Pod trouble light
Pod trouble light. Click image to enlarge

Review and photos by Glen Konorowski

The conventional trouble-light may soon be extinct. Hand-held and self-powered trouble-lights might not be a new idea, but ones that last for close to eight hours and are light enough to handle with ease, are. For the past six or so months I have had the opportunity to test just such a product.

Called the “Pod Light”, it is fairly standard in size at about 40 cm long (15 in.) and 5 cm (2 in.) thick excluding the large swivel hook on the end which is the size of a coat hanger hook.

Unlike most trouble-lights, the Pod uses light emitting diodes (LEDs) to illuminate the area. LEDs require very little power to function efficiently and that allows the tightly packed, small nickel metal hydride (NiMH) batteries to last for a long time. In fact, the Pod has 28 LED lights built into the upper end of the unit surrounded by a mirror like metal finish to reflect the light.

As well, at the top end of the Pod by the hook is a single LED light that allows it to be used as a flashlight.

The Pod is constructed of a durable and hard wearing plastic and rubber with an impact resistant polycarbonate lens covering the LED lights. A clip-on magnet allows it to be placed on a flat metal surface on the body of the vehicle you are working on.

Pod trouble light
Pod trouble light. Click image to enlarge

Each Pod Light comes with a 110-volt adapter/stand for recharging and a 12-volt charger for your car or truck. One special feature, which I discovered quite by accident, is that the Pod Light will turn off automatically if you leave it charging in your vehicles, so as not to drain your battery.

The Pod Light works as a trouble-light, flashlight and an emergency flasher as well. By clicking the Pod Light “On” switch once, the trouble-light comes on.

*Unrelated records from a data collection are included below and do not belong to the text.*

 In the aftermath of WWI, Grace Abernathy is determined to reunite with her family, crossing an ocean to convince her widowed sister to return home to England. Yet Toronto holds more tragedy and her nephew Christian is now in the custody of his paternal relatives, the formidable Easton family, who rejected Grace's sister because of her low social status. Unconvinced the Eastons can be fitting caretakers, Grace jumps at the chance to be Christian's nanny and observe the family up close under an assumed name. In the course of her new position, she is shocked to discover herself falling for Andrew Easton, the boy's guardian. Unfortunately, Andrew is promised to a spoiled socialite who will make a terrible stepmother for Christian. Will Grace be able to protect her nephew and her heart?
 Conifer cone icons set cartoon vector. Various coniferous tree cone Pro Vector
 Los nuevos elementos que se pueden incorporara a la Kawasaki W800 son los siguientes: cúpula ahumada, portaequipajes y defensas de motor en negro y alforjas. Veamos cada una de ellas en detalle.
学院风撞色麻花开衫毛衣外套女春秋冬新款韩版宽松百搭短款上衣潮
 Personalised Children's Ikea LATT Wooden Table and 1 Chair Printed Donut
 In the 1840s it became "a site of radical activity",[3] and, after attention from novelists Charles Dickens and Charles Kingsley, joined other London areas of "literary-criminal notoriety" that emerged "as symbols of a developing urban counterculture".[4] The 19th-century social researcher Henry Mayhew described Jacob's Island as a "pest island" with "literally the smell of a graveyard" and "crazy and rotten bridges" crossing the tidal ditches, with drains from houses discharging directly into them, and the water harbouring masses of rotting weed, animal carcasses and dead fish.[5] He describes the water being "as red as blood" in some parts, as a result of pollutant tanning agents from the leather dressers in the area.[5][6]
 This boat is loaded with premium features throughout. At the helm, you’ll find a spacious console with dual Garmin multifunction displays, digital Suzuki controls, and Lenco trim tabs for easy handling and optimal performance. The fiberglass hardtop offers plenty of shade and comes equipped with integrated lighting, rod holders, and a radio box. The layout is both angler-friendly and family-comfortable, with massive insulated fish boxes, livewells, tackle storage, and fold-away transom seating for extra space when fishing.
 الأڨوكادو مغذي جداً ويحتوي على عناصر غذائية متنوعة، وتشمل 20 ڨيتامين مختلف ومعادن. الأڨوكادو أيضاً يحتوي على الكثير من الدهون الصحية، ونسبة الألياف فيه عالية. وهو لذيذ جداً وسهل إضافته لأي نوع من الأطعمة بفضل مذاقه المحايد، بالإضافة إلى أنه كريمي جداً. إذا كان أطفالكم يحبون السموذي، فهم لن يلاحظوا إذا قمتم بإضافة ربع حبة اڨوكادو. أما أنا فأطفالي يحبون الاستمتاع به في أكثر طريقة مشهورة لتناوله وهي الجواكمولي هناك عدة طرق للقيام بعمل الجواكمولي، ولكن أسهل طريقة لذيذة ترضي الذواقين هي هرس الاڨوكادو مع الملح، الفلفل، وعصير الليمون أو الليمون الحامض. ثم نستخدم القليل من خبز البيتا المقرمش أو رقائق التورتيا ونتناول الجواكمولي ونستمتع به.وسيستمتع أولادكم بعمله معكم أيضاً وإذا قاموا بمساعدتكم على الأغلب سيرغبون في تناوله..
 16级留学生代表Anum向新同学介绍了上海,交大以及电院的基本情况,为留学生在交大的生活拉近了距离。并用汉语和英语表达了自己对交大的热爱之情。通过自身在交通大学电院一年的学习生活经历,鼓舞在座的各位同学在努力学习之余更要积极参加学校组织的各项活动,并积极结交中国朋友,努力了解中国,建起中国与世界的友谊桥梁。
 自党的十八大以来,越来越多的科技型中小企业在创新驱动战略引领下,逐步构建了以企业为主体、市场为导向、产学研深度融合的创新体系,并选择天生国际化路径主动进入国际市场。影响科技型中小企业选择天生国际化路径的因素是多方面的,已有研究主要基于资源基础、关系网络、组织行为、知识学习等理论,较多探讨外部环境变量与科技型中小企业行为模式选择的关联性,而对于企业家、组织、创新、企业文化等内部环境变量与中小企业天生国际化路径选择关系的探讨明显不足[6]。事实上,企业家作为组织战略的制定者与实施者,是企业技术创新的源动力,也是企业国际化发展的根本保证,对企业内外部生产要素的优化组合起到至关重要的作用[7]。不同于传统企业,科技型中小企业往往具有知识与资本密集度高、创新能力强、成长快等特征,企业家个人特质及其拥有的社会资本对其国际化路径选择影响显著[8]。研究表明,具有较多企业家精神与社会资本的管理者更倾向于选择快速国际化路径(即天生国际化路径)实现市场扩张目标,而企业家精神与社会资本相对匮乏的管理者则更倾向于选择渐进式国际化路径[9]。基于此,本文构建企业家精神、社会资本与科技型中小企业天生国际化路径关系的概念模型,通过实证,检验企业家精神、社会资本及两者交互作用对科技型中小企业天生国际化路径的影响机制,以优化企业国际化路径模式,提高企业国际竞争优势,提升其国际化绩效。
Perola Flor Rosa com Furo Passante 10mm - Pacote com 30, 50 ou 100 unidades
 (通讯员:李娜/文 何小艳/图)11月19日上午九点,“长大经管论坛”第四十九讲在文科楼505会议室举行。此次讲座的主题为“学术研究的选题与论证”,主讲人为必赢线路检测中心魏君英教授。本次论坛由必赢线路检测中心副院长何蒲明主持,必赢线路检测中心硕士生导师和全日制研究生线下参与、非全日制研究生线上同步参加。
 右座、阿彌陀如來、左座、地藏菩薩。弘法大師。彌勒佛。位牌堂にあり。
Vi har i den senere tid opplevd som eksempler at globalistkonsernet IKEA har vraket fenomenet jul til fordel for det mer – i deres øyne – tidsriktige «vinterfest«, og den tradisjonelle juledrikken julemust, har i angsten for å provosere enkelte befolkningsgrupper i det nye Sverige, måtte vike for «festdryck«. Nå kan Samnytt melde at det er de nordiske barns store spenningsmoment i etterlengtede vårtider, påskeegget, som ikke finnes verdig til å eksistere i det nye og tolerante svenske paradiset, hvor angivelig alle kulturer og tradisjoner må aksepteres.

Two clicks and the trouble-light goes off and the flashlight comes on. Three clicks and the main bank of lights will flash on and off. This clicking can be a little cumbersome at times, but it really keeps things simple.

I put the Pod Light to good use soon after I received it. A couple of used cars I was interested in could only be viewed at night in a garage with no power. The clean white light of the Pod LEDs allowed my friend and I to really get a good look at the car. Thanks to the Pod Light, we found a gaping hole in the frame saving me time and work. On another occasion, the flashlight came to the rescue when I dropped an earring I was holding for my wife between the seats of our car. By directing the light I was able to find the earring with little trouble.

Under the hood, the Pod Light passed the test by giving me light for two four-hour stints while working on a project car in the driveway. Even when the batteries on the Pod Light did die, I just plugged it into its 110-volt adapter (corded section) and it functioned quite well.

Like most trouble-lights, the Pod works best in confined areas such as under the vehicle or under the hood. But in open areas, such as when you walk around the driveway looking for that dropped small socket, it doesn’t do that great a job. In regular day to day use, the Pod Light held up quite well even when accidentally dropped.

A built-in light lets you know when it is recharged, which takes about two hours. After I lost it for about four months, it still turned on and worked well for three to four hours before running out of good light.

After months of use I have to say I like this product and would definately buy another one. Besides using it in the garage, I have used it in the house quite a bit too.